(Records excerpted from a collection)
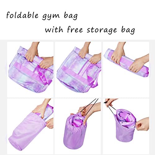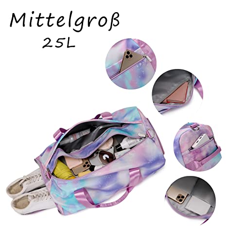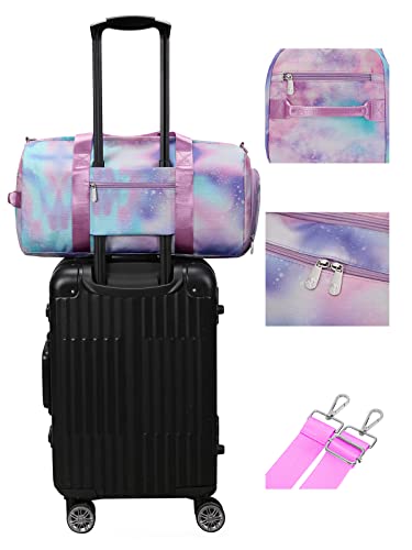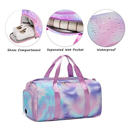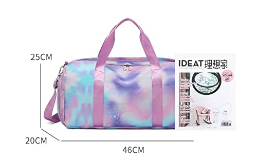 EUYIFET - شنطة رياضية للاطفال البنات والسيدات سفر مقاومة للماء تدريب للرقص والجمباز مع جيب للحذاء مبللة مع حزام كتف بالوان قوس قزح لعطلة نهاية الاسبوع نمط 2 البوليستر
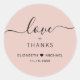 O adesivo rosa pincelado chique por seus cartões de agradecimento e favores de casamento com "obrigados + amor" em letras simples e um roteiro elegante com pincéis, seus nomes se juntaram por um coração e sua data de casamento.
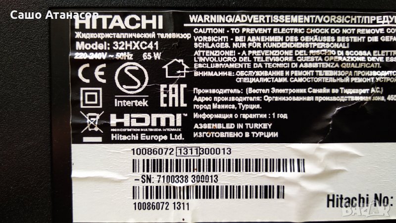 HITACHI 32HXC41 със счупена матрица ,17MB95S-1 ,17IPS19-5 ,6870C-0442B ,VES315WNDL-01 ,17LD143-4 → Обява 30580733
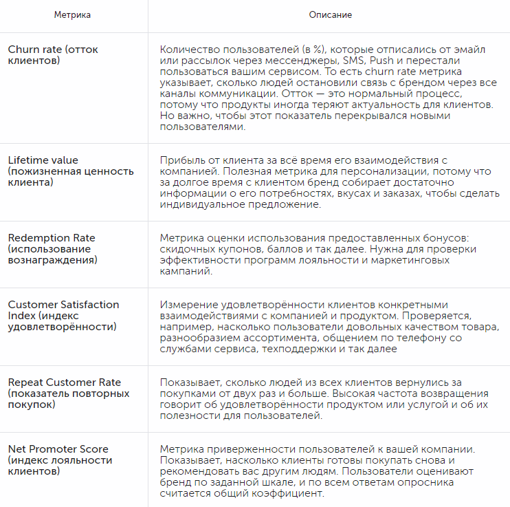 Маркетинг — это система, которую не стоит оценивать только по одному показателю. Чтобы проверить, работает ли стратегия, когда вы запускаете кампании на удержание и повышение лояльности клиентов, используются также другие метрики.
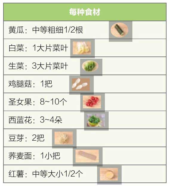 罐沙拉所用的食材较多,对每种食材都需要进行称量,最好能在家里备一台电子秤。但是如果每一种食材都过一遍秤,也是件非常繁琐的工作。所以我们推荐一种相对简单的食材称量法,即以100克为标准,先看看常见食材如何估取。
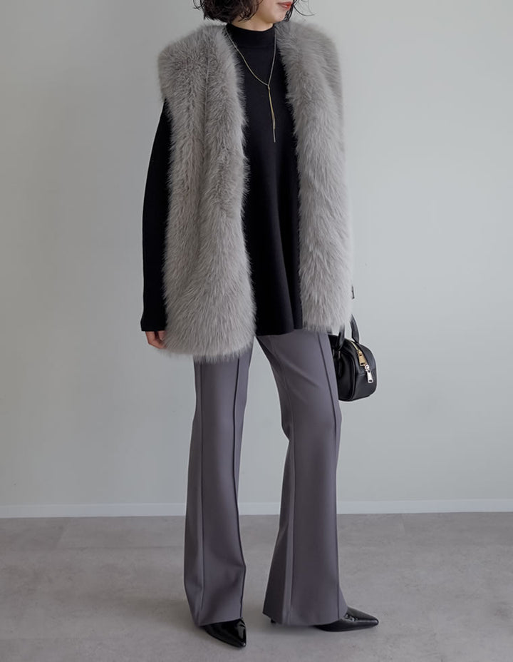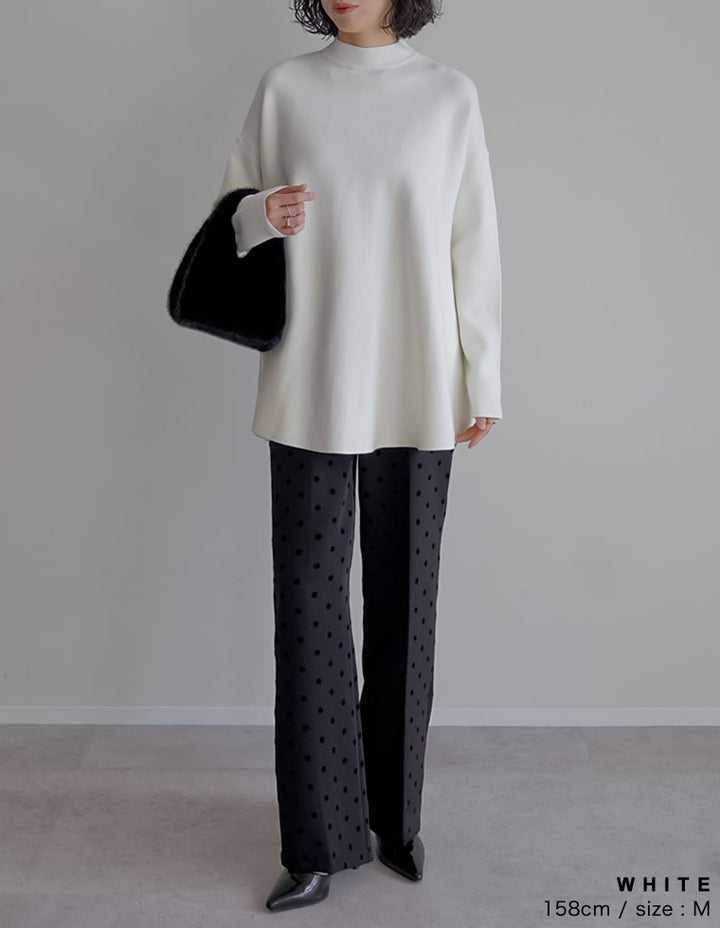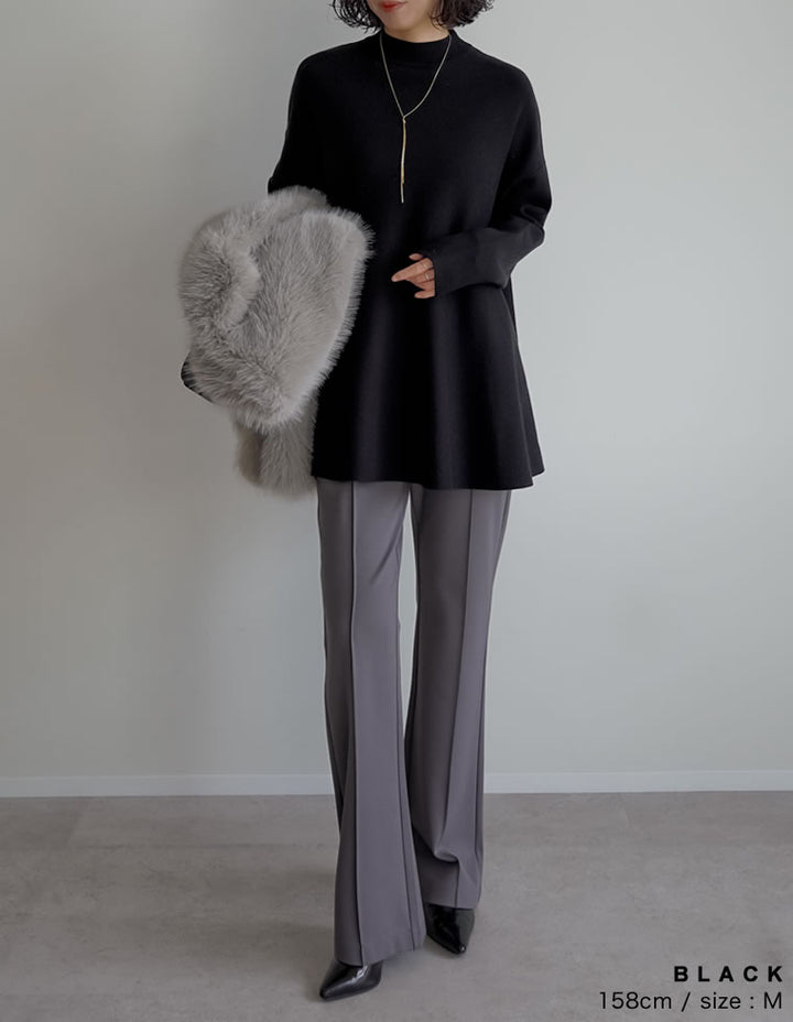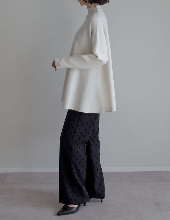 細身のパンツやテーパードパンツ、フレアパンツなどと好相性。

(TASK DETAILS) The answer must be an exact copy of the records, with no pictures in it.

(RESPONSE AREA)
 EUYIFET - شنطة رياضية للاطفال البنات والسيدات سفر مقاومة للماء تدريب للرقص والجمباز مع جيب للحذاء مبللة مع حزام كتف بالوان قوس قزح لعطلة نهاية الاسبوع نمط 2 البوليستر
 O adesivo rosa pincelado chique por seus cartões de agradecimento e favores de casamento com "obrigados + amor" em letras simples e um roteiro elegante com pincéis, seus nomes se juntaram por um coração e sua data de casamento.
 HITACHI 32HXC41 със счупена матрица ,17MB95S-1 ,17IPS19-5 ,6870C-0442B ,VES315WNDL-01 ,17LD143-4 → Обява 30580733
 Маркетинг — это система, которую не стоит оценивать только по одному показателю. Чтобы проверить, работает ли стратегия, когда вы запускаете кампании на удержание и повышение лояльности клиентов, используются также другие метрики.
 罐沙拉所用的食材较多,对每种食材都需要进行称量,最好能在家里备一台电子秤。但是如果每一种食材都过一遍秤,也是件非常繁琐的工作。所以我们推荐一种相对简单的食材称量法,即以100克为标准,先看看常见食材如何估取。
 細身のパンツやテーパードパンツ、フレアパンツなどと好相性。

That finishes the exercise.